== Segment start ==
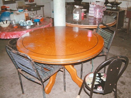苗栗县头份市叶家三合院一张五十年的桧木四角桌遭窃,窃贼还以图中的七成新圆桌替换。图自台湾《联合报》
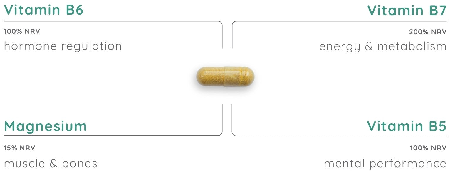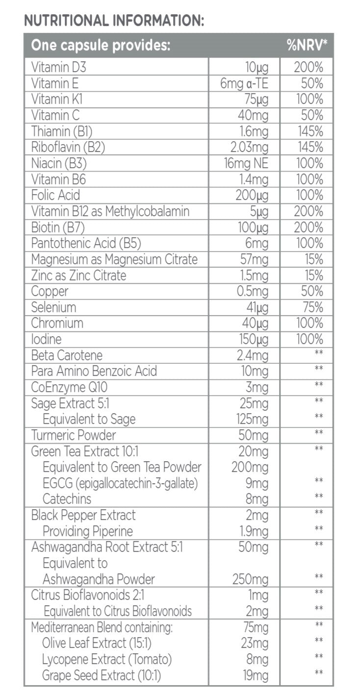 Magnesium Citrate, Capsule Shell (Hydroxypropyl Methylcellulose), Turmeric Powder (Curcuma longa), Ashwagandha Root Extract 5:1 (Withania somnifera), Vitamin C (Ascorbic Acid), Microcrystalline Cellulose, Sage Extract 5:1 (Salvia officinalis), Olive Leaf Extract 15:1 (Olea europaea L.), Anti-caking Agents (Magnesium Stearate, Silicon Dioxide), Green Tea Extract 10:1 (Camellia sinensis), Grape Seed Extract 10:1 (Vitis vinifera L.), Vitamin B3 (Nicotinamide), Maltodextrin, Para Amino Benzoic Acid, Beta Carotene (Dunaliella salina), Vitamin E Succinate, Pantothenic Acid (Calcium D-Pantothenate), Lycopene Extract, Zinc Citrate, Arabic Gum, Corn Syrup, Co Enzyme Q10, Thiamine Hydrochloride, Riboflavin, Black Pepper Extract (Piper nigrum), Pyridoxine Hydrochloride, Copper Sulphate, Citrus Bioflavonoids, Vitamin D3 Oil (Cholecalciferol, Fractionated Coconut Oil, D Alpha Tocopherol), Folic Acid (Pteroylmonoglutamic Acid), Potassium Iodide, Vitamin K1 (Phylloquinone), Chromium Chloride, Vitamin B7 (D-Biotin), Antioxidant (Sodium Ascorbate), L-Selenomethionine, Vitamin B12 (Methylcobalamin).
== Segment end ==
== Segment start ==
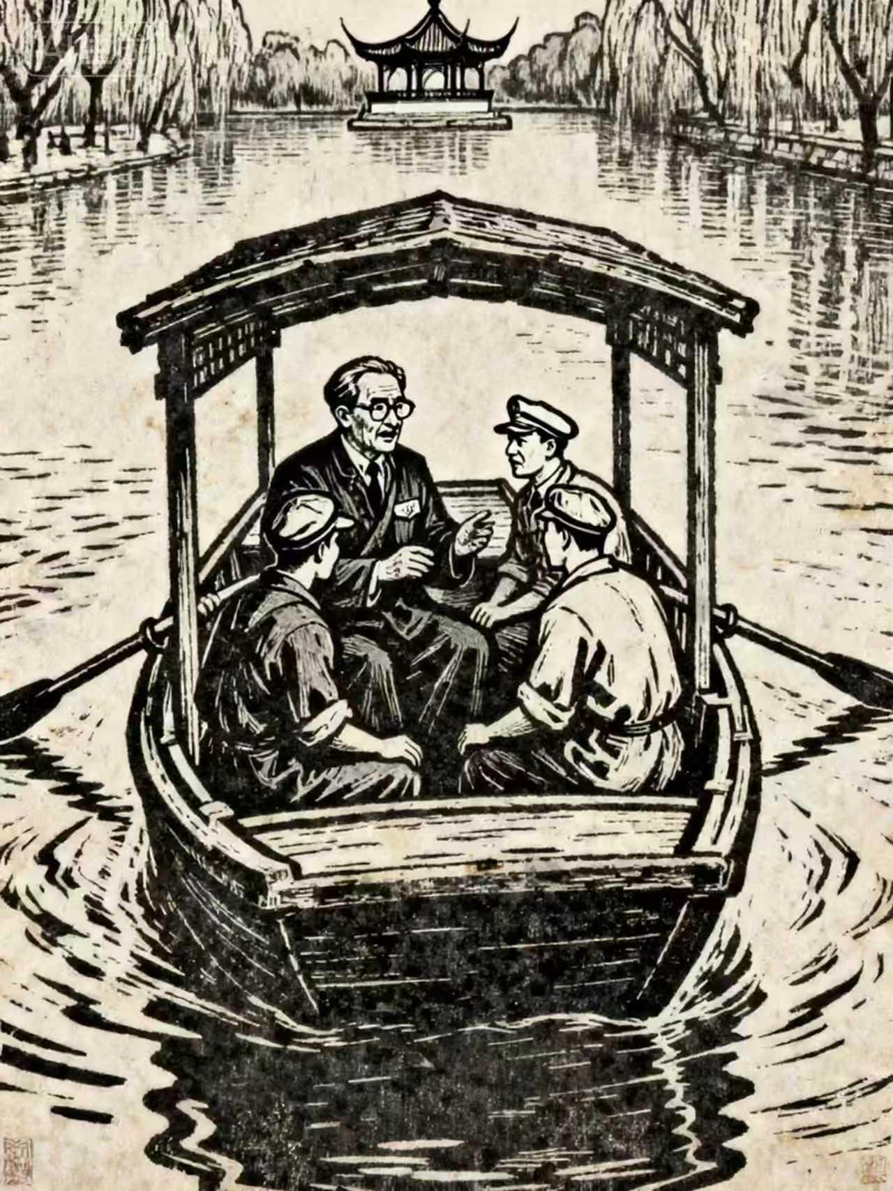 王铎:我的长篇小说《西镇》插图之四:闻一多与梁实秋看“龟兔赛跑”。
== Segment end ==
== Segment start ==
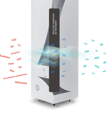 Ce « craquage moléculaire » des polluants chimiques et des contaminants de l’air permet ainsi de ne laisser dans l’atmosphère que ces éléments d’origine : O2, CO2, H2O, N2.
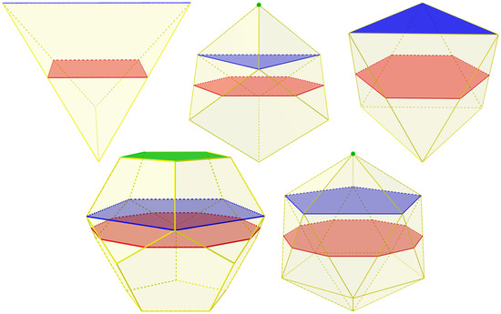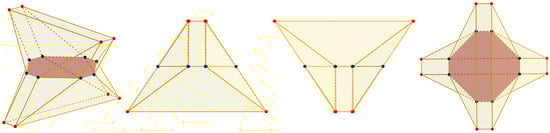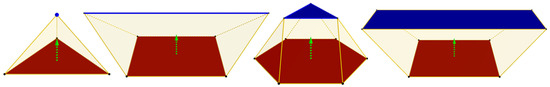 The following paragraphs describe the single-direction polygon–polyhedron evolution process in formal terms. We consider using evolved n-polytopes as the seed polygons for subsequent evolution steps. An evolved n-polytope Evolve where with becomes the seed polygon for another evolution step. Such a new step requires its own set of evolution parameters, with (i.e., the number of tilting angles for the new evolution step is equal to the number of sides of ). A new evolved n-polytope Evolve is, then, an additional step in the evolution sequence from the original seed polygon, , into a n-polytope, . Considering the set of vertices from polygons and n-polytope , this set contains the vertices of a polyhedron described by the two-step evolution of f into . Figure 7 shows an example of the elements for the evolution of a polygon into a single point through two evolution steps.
== Segment end ==
# [WORK ITEM]
Reproduce, word for word, only the lines in the records above from the line with "CO2, H2O, N2." through the line with "The following paragraphs", including both ends; omit the pictures.

# [SOLUTION FOR THIS PROBLEM]
 Ce « craquage moléculaire » des polluants chimiques et des contaminants de l’air permet ainsi de ne laisser dans l’atmosphère que ces éléments d’origine : O2, CO2, H2O, N2.
 The following paragraphs describe the single-direction polygon–polyhedron evolution process in formal terms. We consider using evolved n-polytopes as the seed polygons for subsequent evolution steps. An evolved n-polytope Evolve where with becomes the seed polygon for another evolution step. Such a new step requires its own set of evolution parameters, with (i.e., the number of tilting angles for the new evolution step is equal to the number of sides of ). A new evolved n-polytope Evolve is, then, an additional step in the evolution sequence from the original seed polygon, , into a n-polytope, . Considering the set of vertices from polygons and n-polytope , this set contains the vertices of a polyhedron described by the two-step evolution of f into . Figure 7 shows an example of the elements for the evolution of a polygon into a single point through two evolution steps.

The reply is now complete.